Chapter 14.3, Problem 72AYU

To determine

To find: The numbers at which $f$ is continuous.

Answer to Problem 72AYU

Continuous for all real values of $x$ excluding $x=3$ and $x\le 0$.

Interval of continuity: $\left(0,\infty \right)-\left\{3\right\}$.

Explanation of Solution

Given:

$f\left(x\right)=\frac{\text{ln}x}{x-3}$

Calculation:

$f\left(x\right)=\frac{\text{ln}x}{x-3}$

The numerator function $\text{ln}x$ is defined only for $x>0$.
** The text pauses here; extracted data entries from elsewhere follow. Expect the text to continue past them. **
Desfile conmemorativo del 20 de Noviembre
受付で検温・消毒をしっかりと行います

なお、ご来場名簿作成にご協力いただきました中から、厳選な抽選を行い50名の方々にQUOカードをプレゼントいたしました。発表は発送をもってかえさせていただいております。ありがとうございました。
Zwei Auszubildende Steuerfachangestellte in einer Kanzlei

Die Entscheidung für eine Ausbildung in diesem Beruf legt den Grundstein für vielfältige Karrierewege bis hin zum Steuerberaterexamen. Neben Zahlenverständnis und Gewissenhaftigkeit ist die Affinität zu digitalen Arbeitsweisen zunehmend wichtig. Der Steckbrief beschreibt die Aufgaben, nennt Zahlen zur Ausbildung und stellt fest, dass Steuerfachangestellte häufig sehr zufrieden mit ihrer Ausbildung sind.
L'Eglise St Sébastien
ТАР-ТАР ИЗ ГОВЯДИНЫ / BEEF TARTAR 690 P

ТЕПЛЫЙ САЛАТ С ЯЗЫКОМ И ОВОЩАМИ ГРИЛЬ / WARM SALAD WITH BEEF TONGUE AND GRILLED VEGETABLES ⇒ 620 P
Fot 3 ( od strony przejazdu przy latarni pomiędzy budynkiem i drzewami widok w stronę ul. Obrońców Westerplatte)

So $f\left(x\right)$ is undefined for $x\le 0$.

Moreover, the denominator function becomes zero when $\left(x-3\right)=0$; ie $x=3$.
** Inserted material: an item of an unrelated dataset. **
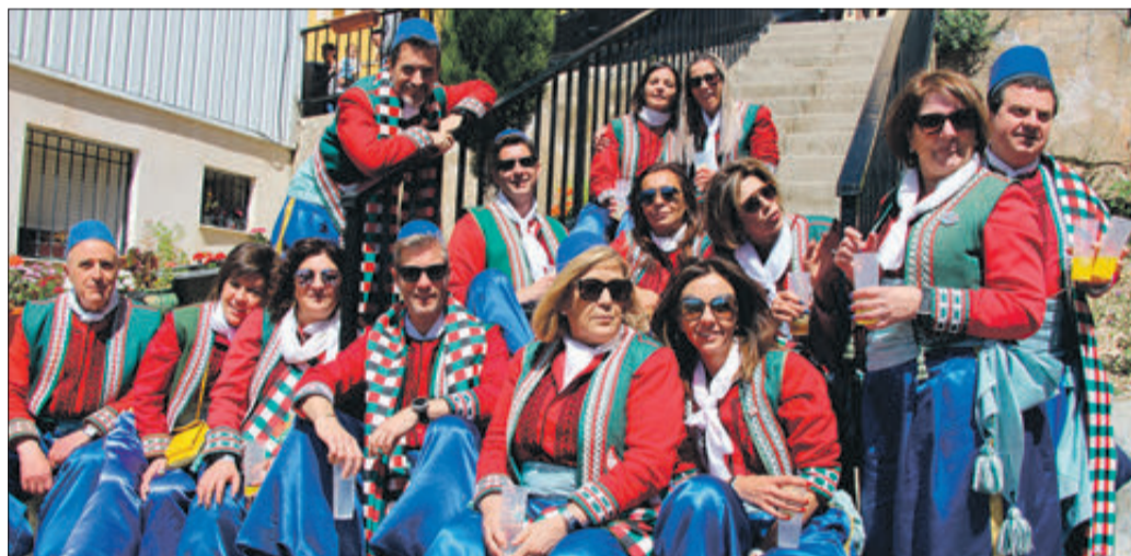
Moros davant la "Cova de Gadafi".

So $f\left(x\right)$ is undefined for $x=3$.

Since $f\left(x\right)=\frac{\text{ln}x}{x-3}$ is undefined for $x\le 0,x=3$; therefore $f\left(x\right)=\frac{\text{ln}x}{x-3}$ is continuous for all real numbers excluding $x\le 0$ and $x=3$.

Thus the interval on which $f$ is continuous is $\left(0,\infty \right)-\left\{3\right\}$.